This study aimed to discover the implications of using different teaching approaches for a hands-on STEAM activity for junior high school students’ STEAM knowledge, creativity, and hands-on performance. The teaching contents used in the study were designed based on the project-based learning (PBL) strategy and the cognitive–affective interaction model (CAIM). The students’ learning outcomes were tested through a hands-on activity with the theme of electric boat creation. PBL with the CAIM was the strategy used to implement the hands-on STEAM activity and to achieve the United Nation’s Sustainable Development Goal 4 (SDG 4). In this study, a quasi-experimental design was used for 10 weeks, and the 366 students who participated in the experiment were divided into experimental groups (EGs, 199 students using PBL with the CAIM) and control groups (CGs, 167 students using PBL only). Through the analysis of covariance, the results showed that students in the EGs achieved higher academic performance in terms of STEAM knowledge, creativity, and hands-on performance. The study also found that the hands-on STEAM activity had a positive effect on creativity for students in the EGs, allowing them to develop different modes of thinking in the processes of designing and producing the finished product, which in turn enhanced the innovativeness of their products and solutions. In addition, using PBL with the CAIM in the hands-on STEAM activity brought about positive learning outcomes and creative abilities for the students, achieving the SDG 4 objectives. Moreover, the outcomes of this study are in line with the current international trend in the development of education, providing reference examples for the future development of STEAM activities and teaching materials at the junior high school level.

Keywords:

STEAM education; project-based learning (PBL); cognitive–affective interaction model (CAIM); creativity; Sustainable Development Goal 4 (SDG 4); hands-on performance

1. Introduction

In recent years, great emphasis has been placed on issues related to science, technology, engineering, and mathematics (STEM) education in the field of education worldwide [1]. In particular, according to the 2019–29 Employment Projections released by the U.S. Bureau of Labor Statistics, the number of jobs in STEM-related occupations will increase by 8.0% by 2029, while the growth rate of all occupations will be 3.7% [2]. The European Union (EU) has also projected that the number of STEM-related jobs will increase by more than 12% by 2025, accounting for about 3.8% of all EU jobs [3].
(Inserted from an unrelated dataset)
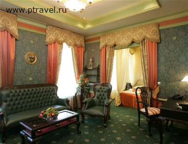 Номера категории «Сюит» редставлены элегантными номерами с балконами. Интерьер номеров выполнен в венецианском стиле. Теплые бордовые тона, роскошная широкая кровать и мягкие подушки – все создано для того, чтобы Вы могли полностью насладиться отдыхом после работы или прогулок по Петербургу.

The application of STEM education is one of the best ways to achieve the United Nation’s (UN) Sustainable Development Goal 4 (SDG 4), which aims to “ensure inclusive and equitable quality education and promote lifelong learning opportunities for all” [4]. Hands-on STEM activities allow students to combine science, technology, engineering, mathematics, and other disciplines with appropriate learning methods to cultivate their self-efficacy, problem-solving skills, and learner-centered skills [5,6]. However, some scholars have suggested that there is still room for improvement in STEM education, in which arts and humanities should be incorporated to achieve more balanced STEM learning overall [3,7]. This idea led to the creation of the term STEAM (science, technology, engineering, the arts, and mathematics). The realm of the arts includes aesthetics, creative thinking, design, and so on. After the integration of the arts, the realm of STEAM has become more relevant to life. Many studies have also shown that incorporating the arts into STEAM has enhanced the effectiveness of cross-disciplinary learning [8,9,10]. Moreover, through the emphasis on the integration of engineering education with human aesthetic imagination and innovation, novel products that transcend traditional values can be created, thereby enhancing students’ creativity and improving their hands-on performance [11]. Therefore, compared with STEM education, the integrated STEAM education approach is more diversified and interesting.
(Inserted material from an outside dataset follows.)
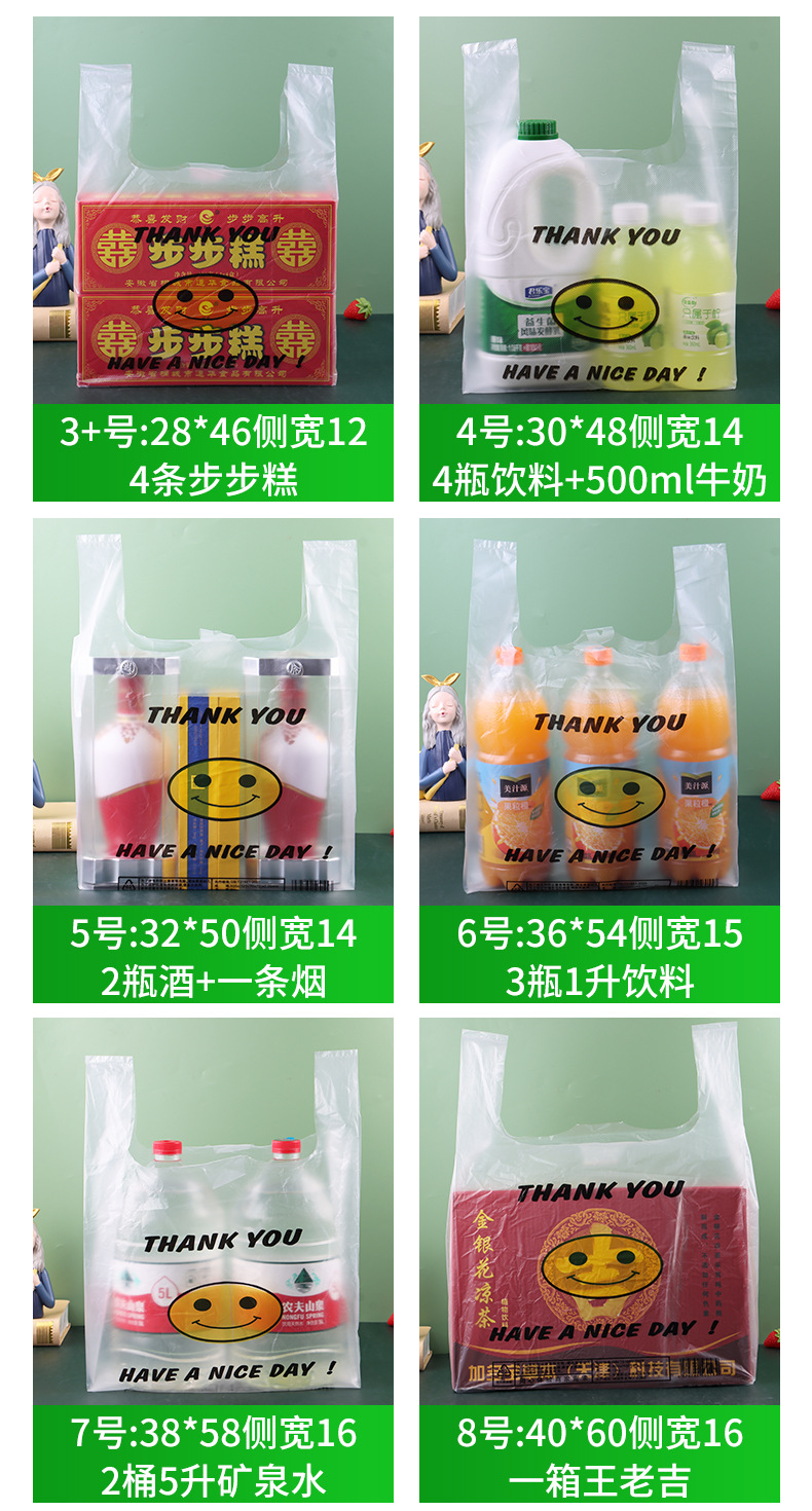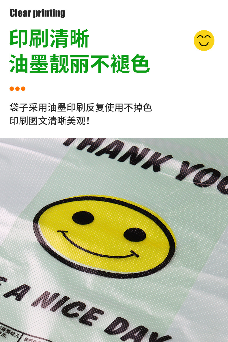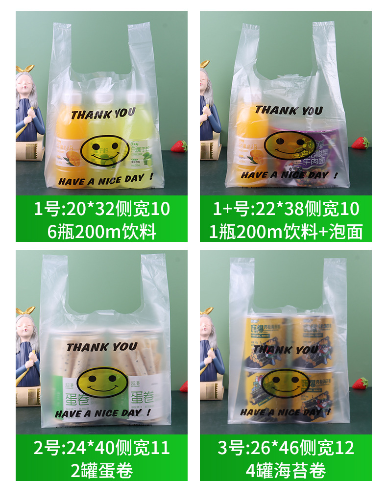 스마일 페이스 백 두꺼운 투명 비닐 봉투 테이크 아웃 식품 가방 시판 포장 가방 조끼 쇼핑 편리한 핸드백스토어 가기

Project-based learning (PBL) has become increasingly well developed in engineering education in recent years. The curriculum focus on student-centered learning and problem solving through teamwork, with an emphasis on solving real-life problems and developing students’ active learning and problem-solving skills, allows students to investigate and discuss problems [12,13]. The key component of PBL is in-depth questioning [14]. Incorporating PBL into STEAM education not only strengthens learning outcomes but also enhances students’ aptitude in STEAM [15], as the curriculum integrates knowledge, concepts, and skills for future careers [16,17]. For example, Hanif et al. [18] pointed out that project-based learning in STEM education helps improve students’ creativity and their scientific achievement; thus, PBL can be used as an alternative teaching strategy in junior high schools.

In view of the essential abilities in today’s society, students deserve training in creative thinking ability, shifting from traditional teaching and standardized testing to a more creative learning model [19,20]. Many studies have also found that creativity can be enhanced through training in creative thinking, which develops students’ abilities in creative and deliberate thinking [21,22]. Williams [23] proposed the cognitive–affective interaction model (CAIM), believing that creative students are able to solve various problems in their lives through creativity. Some studies have also pointed out that through creative teaching, teachers can stimulate the creative potential of their students [24,25]. Many courses and teaching approaches for creativity are commonly used in STEAM education. However, due to the diversity and complexity of creativity [26], many teachers have difficulty in deciding on the form of creativity curriculum to be incorporated into their STEAM courses [9]. Therefore, PBL with the CAIM was chosen for the hands-on STEAM activity in this study to investigate its effects on students’ creativity.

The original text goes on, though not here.